Sleep-Disordered Breathing Guidelines
Norman Friedman, MD, director of the Children’s Sleep Medicine Laboratory at the University of Colorado Children’s Hospital in Aurora, said it is always difficult generating surgical guidelines. Dr. Friedman is currently part of an AAO-HNS-led multidisciplinary panel formed in January 2010 to create pediatric sleep-disordered breathing guidelines to be published in Otolaryngology-Head and Neck Surgery in 2011. Panel members consisting of sleep medicine physicians, pediatricians, anesthesiologists and pulmonary physicians, along with otolaryngologists, are developing the guidelines, which target children ages two to 18 years who have been given a clinical diagnosis of sleep-disordered breathing, are candidates for tonsillectomy and may benefit from a pre-operative polysonogram (PSG). External and internal review of the guidelines will be done by multiple invited representatives from a number of specialties both within and outside of AAO-HNS.

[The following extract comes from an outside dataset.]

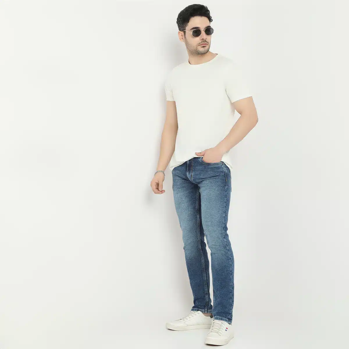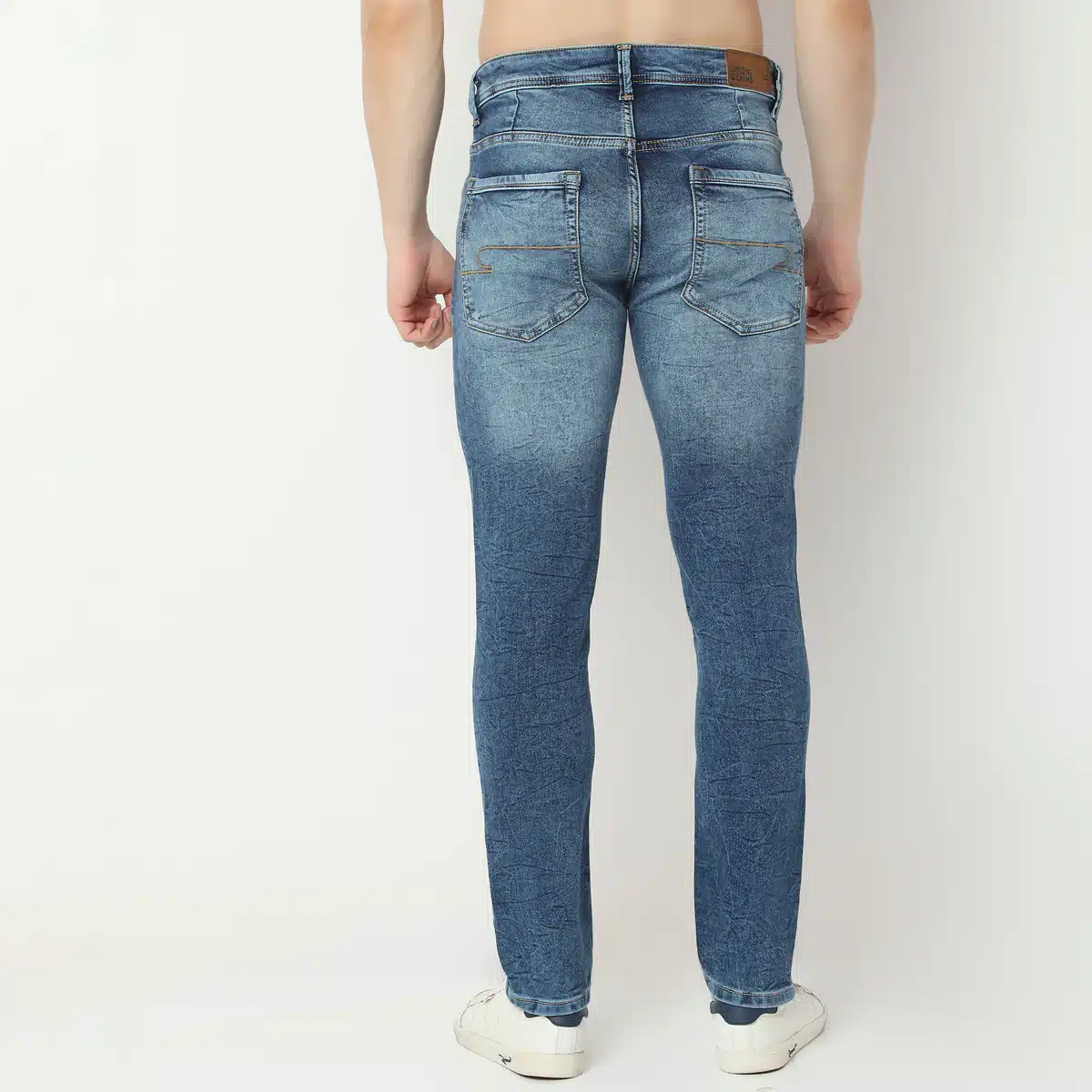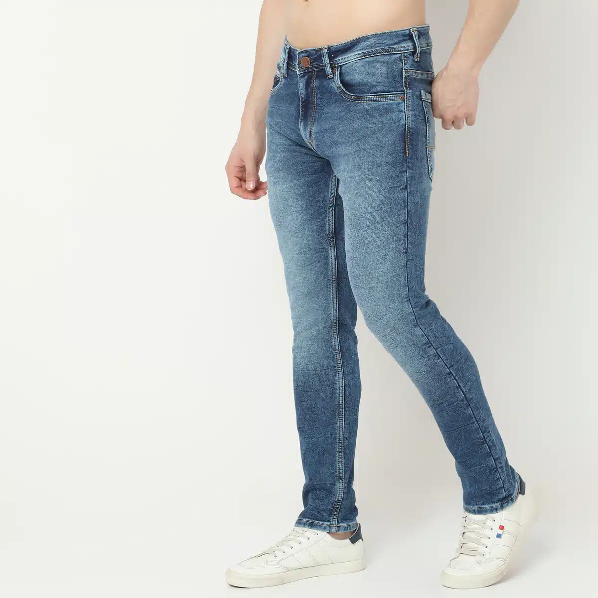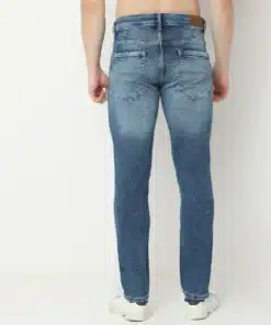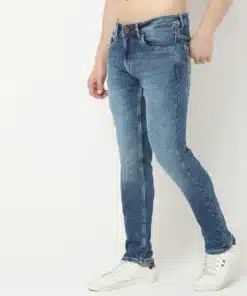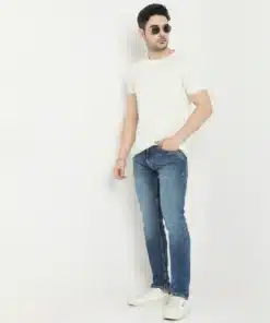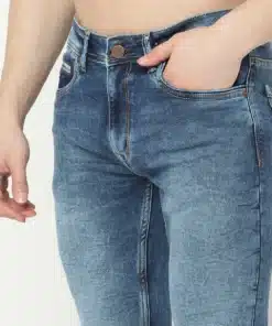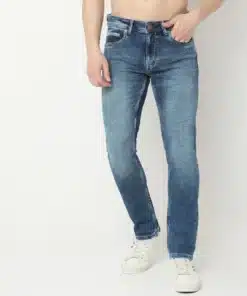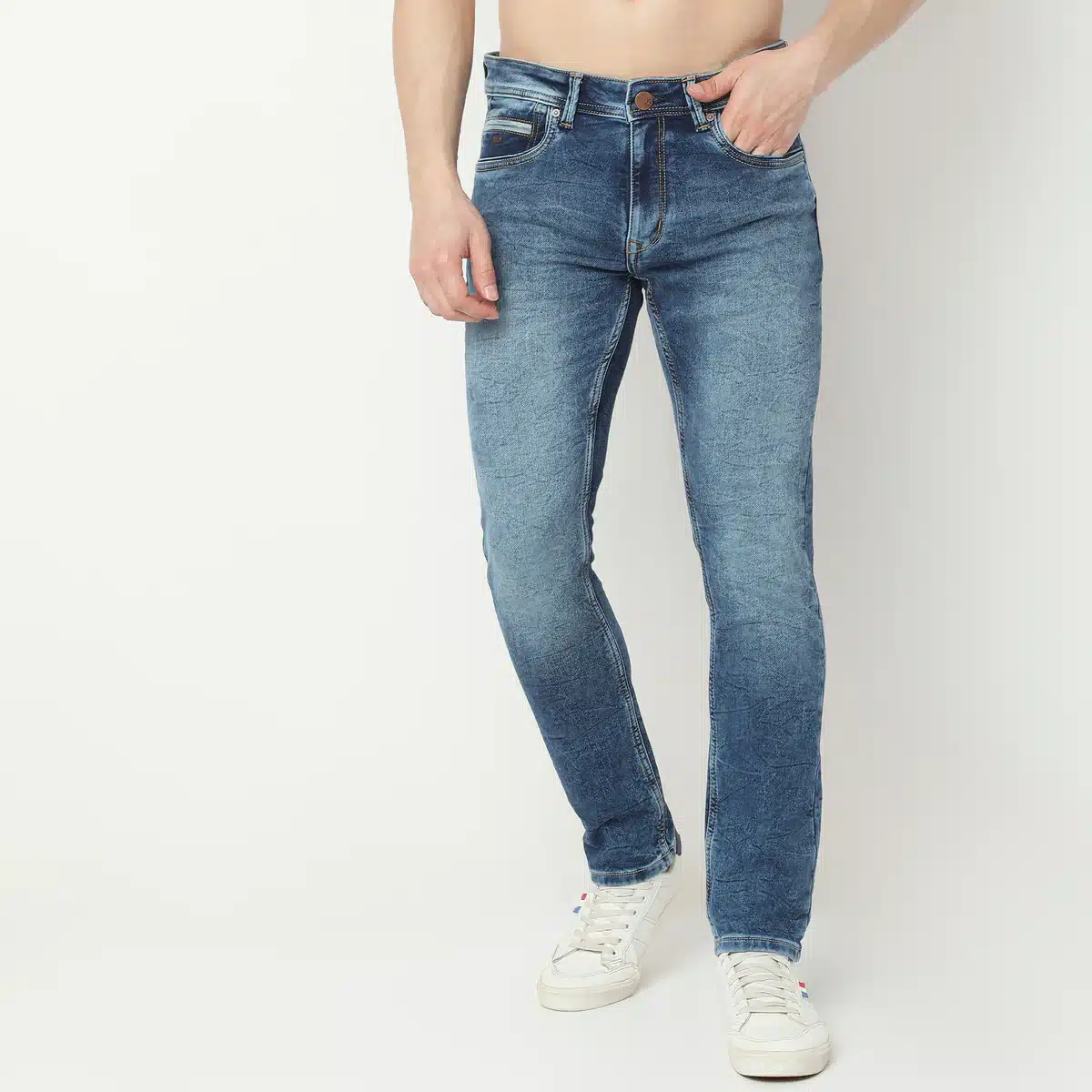 E-Fast stretch slim-fit indigo jeans with a towel wash finish offer a perfect fusion of comfort, style, and a unique textured look. Designed with a slim fit, these jeans provide a modern, tapered silhouette that flatters the body while ensuring ease of movement. The stretch denim fabric enhances flexibility, making them ideal for all-day wear without compromising on style. Sitting at a comfortable mid-rise, these jeans provide a secure fit around the waist while maintaining a sleek, streamlined appearance from the thighs down to the ankles.

“When it comes to surgical guidelines, the difficulty is that everything is being compared to noninvasive ventilation, and all of us agree that if a person is compliant with noninvasive ventilation, noninvasive treatment will be more successful,” Dr. Friedman said. “The issue is compliance, as well as whether outcomes measured by the apnea-hypopnea index also effectively measure quality of life.”